───── Data extracts
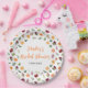 Dieser hübsche und elegante Teller besticht durch seine bordeauxroten und orangefarbenen Blume mit Blattwerk. Der Text kombiniert handgeschriebene Skript- und Serif-Schriftart für ein stilvolles und modernes Aussehen. Dies ist perfekt für einen Herbst rustikalen Brautparty.
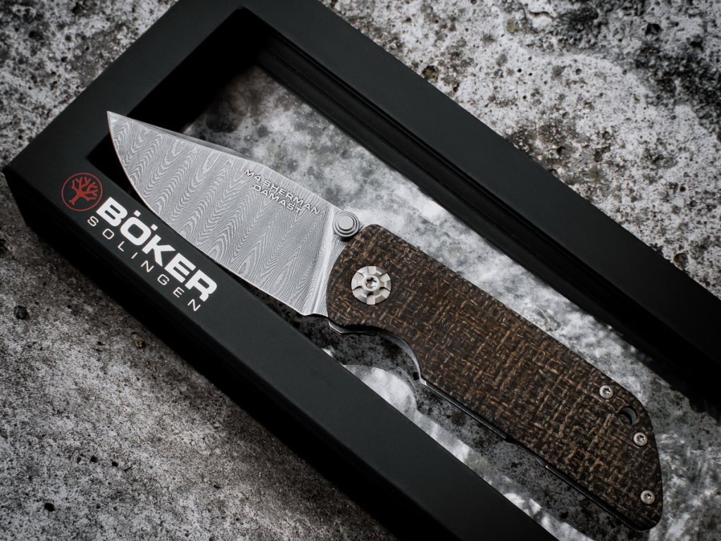 A kivételes Böker M4 Sherman-Damascus az élő történelem tanúja. A minőségi kivitelezést ötvözi az M4 Sherman tank történelmi anyagaival. A Böker Sherman Damascus kés pengéje egyedi damaszkuszi acélból készült, amelyet kovácsoltak világháborúban szolgáló M4 Sherman tank acéljából. Egyedülálló 80 rétegű damaszt, amelyet Chad Nichols kézzel kovácsolt egyedi mintában, amely az M4 Shermantank lánctalpai által a földben hagyott nyomokra emlékeztet. A golyóscsapágy penge a egy tokkujj tüske, és egy erős acélkeretes zár rögzíti. A Hinderer Lock-Stop kiegészítő biztosíték mely védelemként szolgál.
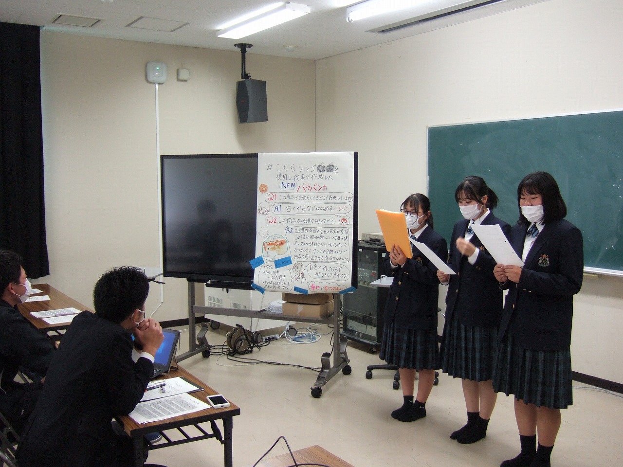 【食品科学科】6次産業化学習 PartⅠ 農業経営の授業で6次産業化について学んでいます。 台風により落果したリンゴの有効利用を某農業高校から依頼があったと仮定して、商品化についてのプレゼンをおこないました。生徒達はクライアントからの「出雲らしさを表現した商品」の要望に応えようと、様々な方法で出雲らしさを表現していました。 次回は、商品の試作をおこなう予定です。
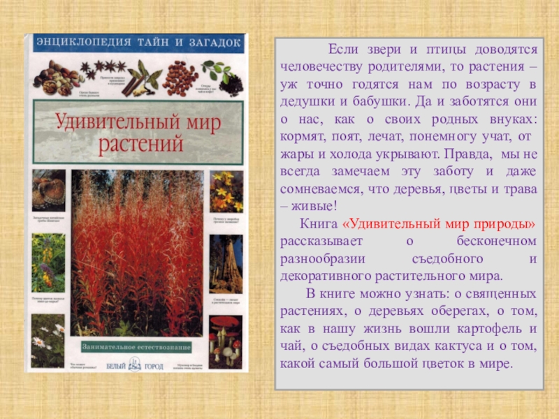 Книга «Удивительный мир природы» рассказывает о бесконечном разнообразии съедобного и декоративного растительного мира.
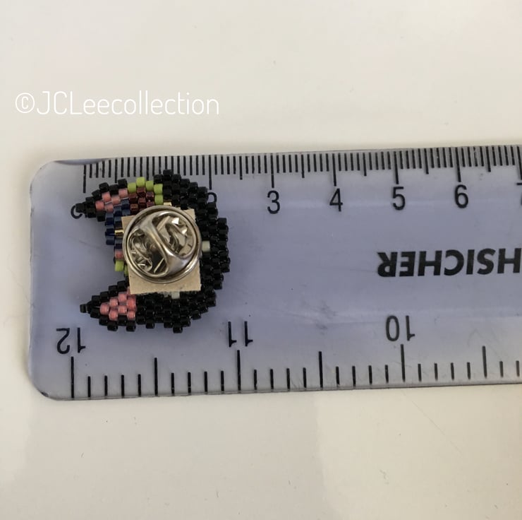 Each pin brooch, is hand woven with precision cut tiny delica beads in black with floral daisy accents.
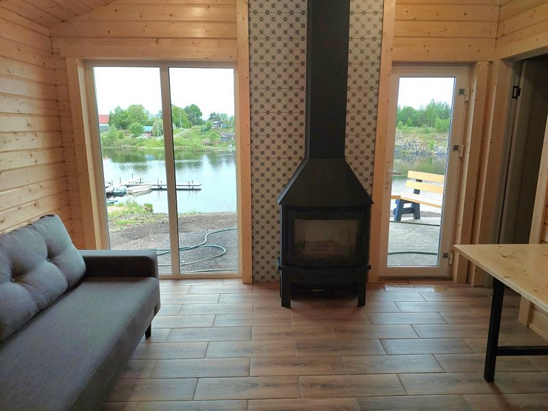 Две спальни, зал-кухня, современный санузел. Отопление тёплыми полами. Первая линия Онежского озера, кондиционер, камин и увеличенная терраса с мебелью.
──────────
Return verbatim every line from the line containing "Each pin brooch, is" to the last line of the entries above, inclusive, and leave out the pictures.

● **Output of the task**:
 Each pin brooch, is hand woven with precision cut tiny delica beads in black with floral daisy accents.
 Две спальни, зал-кухня, современный санузел. Отопление тёплыми полами. Первая линия Онежского озера, кондиционер, камин и увеличенная терраса с мебелью.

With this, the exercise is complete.